A group of young Afghan men watch U.S. troops drive through the village of Naray, in Nuristan province, during a recent operation. Soldiers with the 173rd Airborne Brigade’s Task Force Saber have been working for nearly a year to strengthen governance, improve security and foster economic development in the eastern Nuristan and northern Kunar provinces. (Drew Brown / S&S)

NARAY, Afghanistan — The people are the prize in any counterinsurgency.

There are an estimated 190,000 of them in Task Force Saber’s area of operations, a remote mountainous area that stretches over eastern Nuristan and northern Kunar provinces.

The region, on the border with neighboring Pakistan, has been one of the most unruly and contested areas in Afghanistan since U.S. and allied forces ousted the Taliban from power nearly seven years ago.

For nearly a year, the troops of Task Force Saber, of the 173rd Airborne Brigade, have been locked in a high-stakes struggle with insurgents over who will control this part of eastern Afghanistan.

There are few roads in the area, none of them paved. There is little electricity, no fresh water, and few schools. Ninety percent of the people are subsistence farmers. Most of them can’t read or write.

All of which makes them prime targets for insurgents who offer easy cash to young men willing to take up arms against U.S. and Afghan troops.

“When your choice is to go and become a martyr or be a subsistence farmer all of your life, that makes it kind of compelling to go and fight the infidel,” said Maj. Nathan Springer, a staff officer for Task Force Saber.

Until last summer, U.S. and Afghan forces in this part of Afghanistan were few and scattered. The region seesawed between benign neglect and outright lawlessness. Its steep forested mountains and isolated valleys provided a formidable sanctuary for the Taliban, al-Qaida and other militant groups.

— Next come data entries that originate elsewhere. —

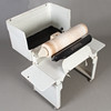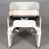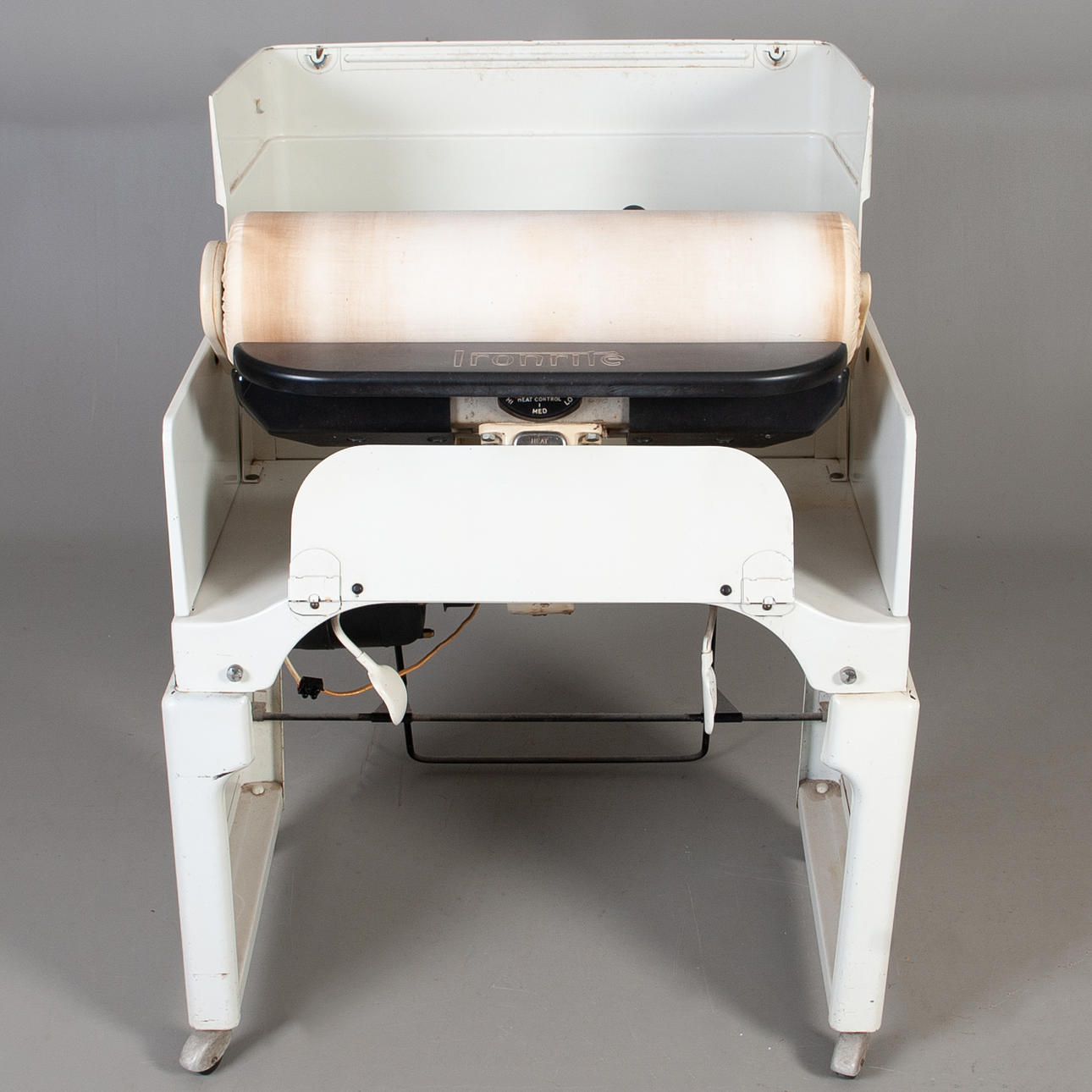 Electric mangle in white lacquered sheet from the American Ironrite Ironer Company, Detroit. Model with fold-down cover and textile roller. Typical of post-war household appliances with functionalist design and rounded shapes.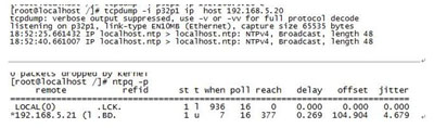 客戶端確實接受到廣播包,在客戶端執行ntpq –p,發現客戶端不鎖定廣播地址,而是將A地址選擇的參考源。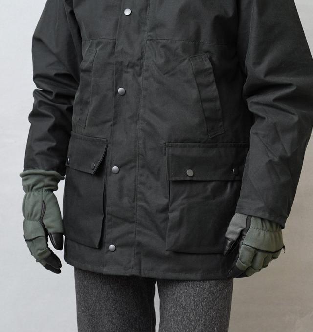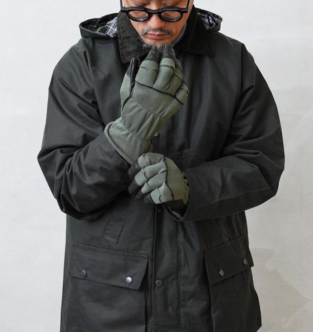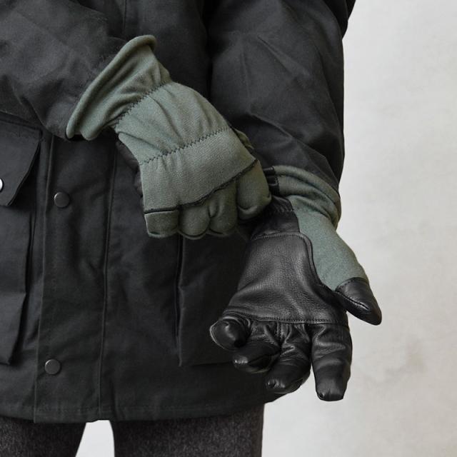 手首はフィット感のある長めのリブ編み、サラッとしたコットンのインナーには中綿が入っているので防寒性も非常に高くなっています。セージグリーンのNOMEX素材とブラックレザーの組み合わせが見た目にもバランス良く、普段遣いでも一目置かれること間違い無しのグローブ。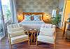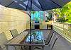 Private, corner Zen lanai with oversized, comfortable outdoor seating, including 2 patio chairs + side table.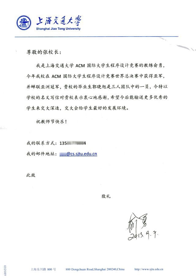 特此喜報! ![]() 上海交通大學副校長徐學敏發(fā)來感謝信 ![]() 上海交通大學ACM國際大學生程序設計競賽教練俞勇發(fā)來感謝信 |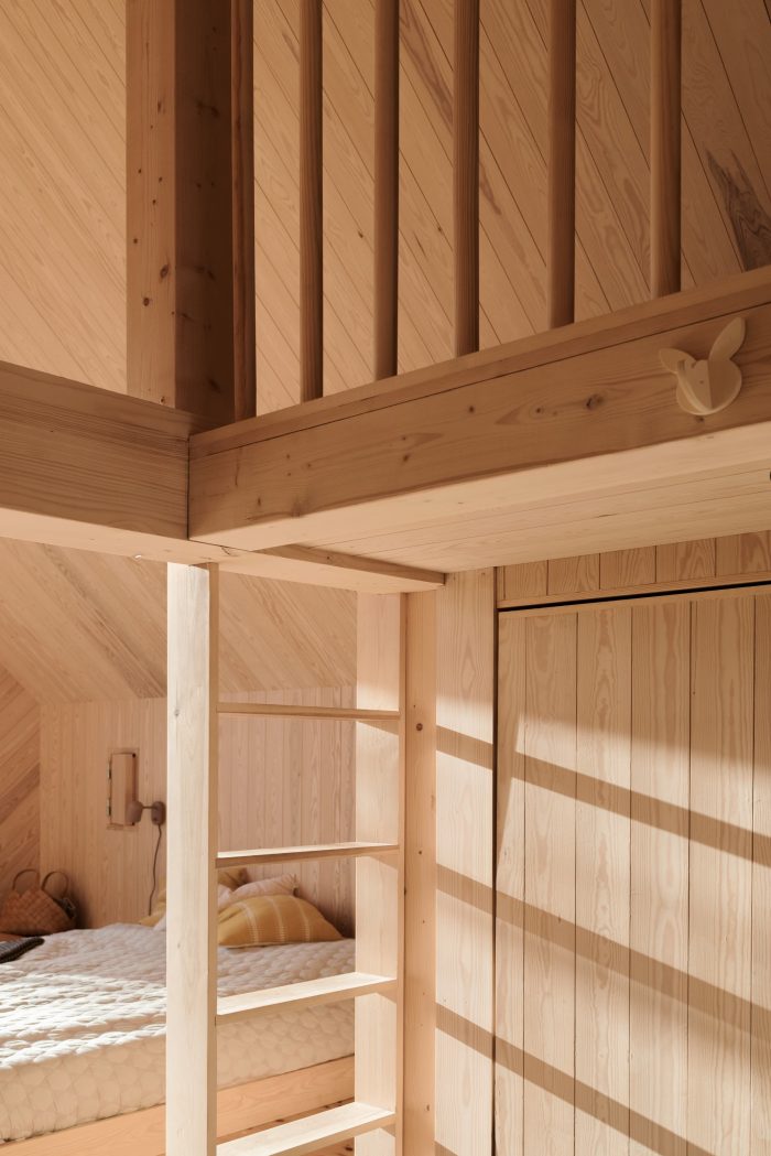 小木屋紧挨着一个老木屋,与新木屋的大小差不多。两者共同形成了一个有角度的庭院,朝着太阳和西南方向的主要景观开放。我们曾考虑对旧的小屋进行改造和扩建,但客户希望在表达和材料上保留旧的小屋的质量,因此放弃了改造项目。取而代之的是,这两座小木屋被串联使用,新的小木屋拥有所有的现代设施,如水和电,而旧的小木屋则在需要时提供额外的居住和睡眠空间(甚至在更简陋的条件下)。

But that dynamic began to change when soldiers with 1st Squadron, 91st Cavalry Regiment arrived here last June. Instead of going after insurgents with guns blazing, however, Task Force Saber has taken a softer approach, working instead to improve security by strengthening local governance and economic development in a region that’s seen very little of any in the past 30 years.

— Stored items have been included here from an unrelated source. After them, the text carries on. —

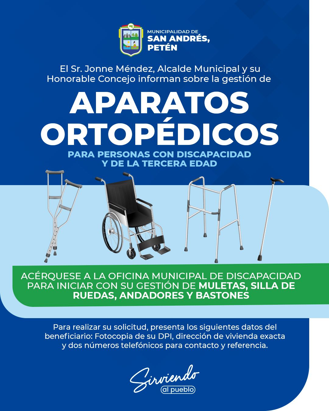 El Sr. Alcalde y el Honorable Concejo Municipal informan a las personas con discapacidad física y de la tercera edad del municipio de San Andrés, Petén, y sus comunidades que pueden aplicar para la gestión de los siguientes aparatos ortopédicos: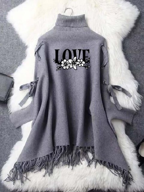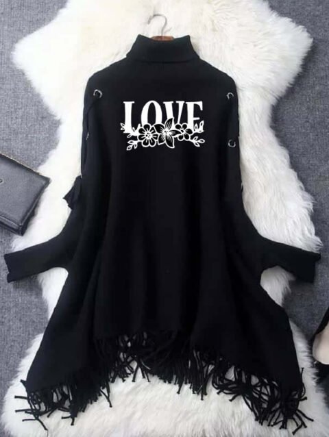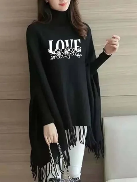 Zayra Black-White Love Printed Bat-Wing Style Winter Poncho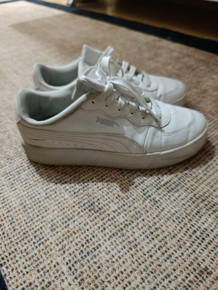 Beyaz renkte, kama topuklu kadın spor ayakkabısı. Kauçuk tabanlı, spor ve rahat sokak stili için uygun, desen içermeyen şık tasarım. 37,5 yırtıgı ne yok temızlenınce cok ıyı durur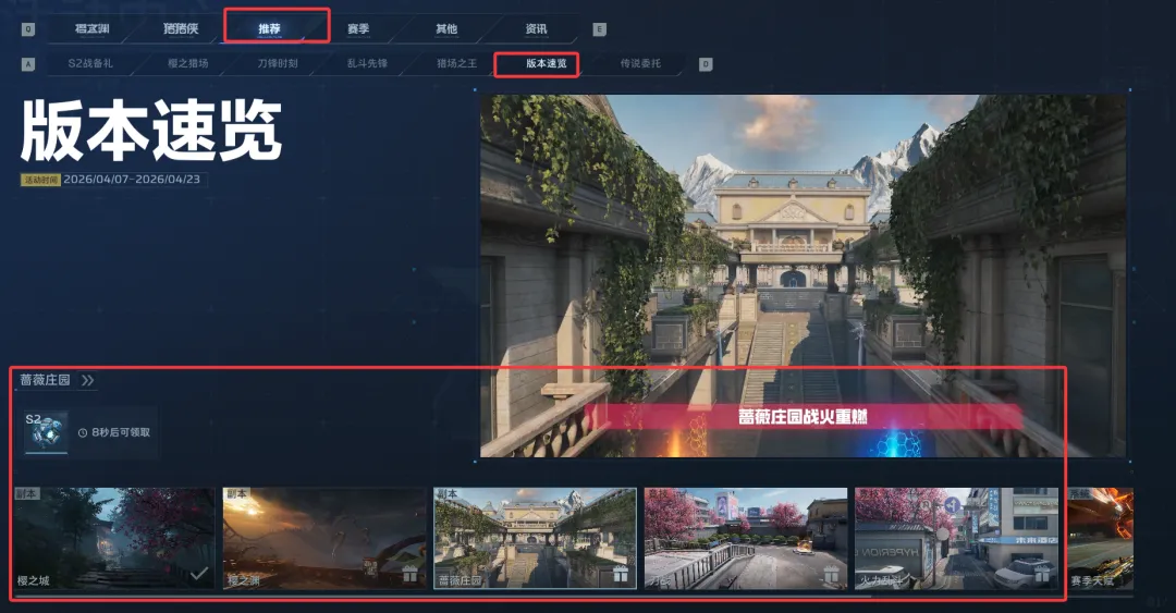 S2进入后,先来到这个【推荐】-【版本速览】,然后每个视频看10秒都可以领取一个箱子。

With an endless supply of potential enemy fighters facing U.S. troops, it’s the only strategy that makes any sense, say Springer and other U.S. officers. The approach is classic counterinsurgency, which seeks to offer the local populace a better life and drive a wedge between them and the enemy.

“Where people have jobs, where the economy is self-sustaining and where people have hope for themselves and their future, there is no tolerance for an insurgency,” said Lt. Col. Christopher Kolenda, Task Force Saber commander.

Since deploying to the area last May, Task Force Saber has spent more than $8 million on local projects ranging from two small hydropower plants to new roads and bridges, pipelines, schools, even a cultural center. A U.S. provincial reconstruction team has funded an additional $16 million worth of development schemes, and plans for several million more dollars are in the works.

The biggest and most ambitious project is the $40 million widening and paving of 70 kilometers of road from Asmar, in Kunar province to the south, to Kamdesh, capital of Nuristan province. Most of the road is accessible only by four-wheel drive, and to drive from Kamdesh to Asadabad, capital of Kunar province, takes eight hours.

By the time the road is complete, travel time between Asadabad and Kamdesh will be cut in half, opening up Nuristan to further economic development. In the meantime, the three-year road project will bring thousands of jobs.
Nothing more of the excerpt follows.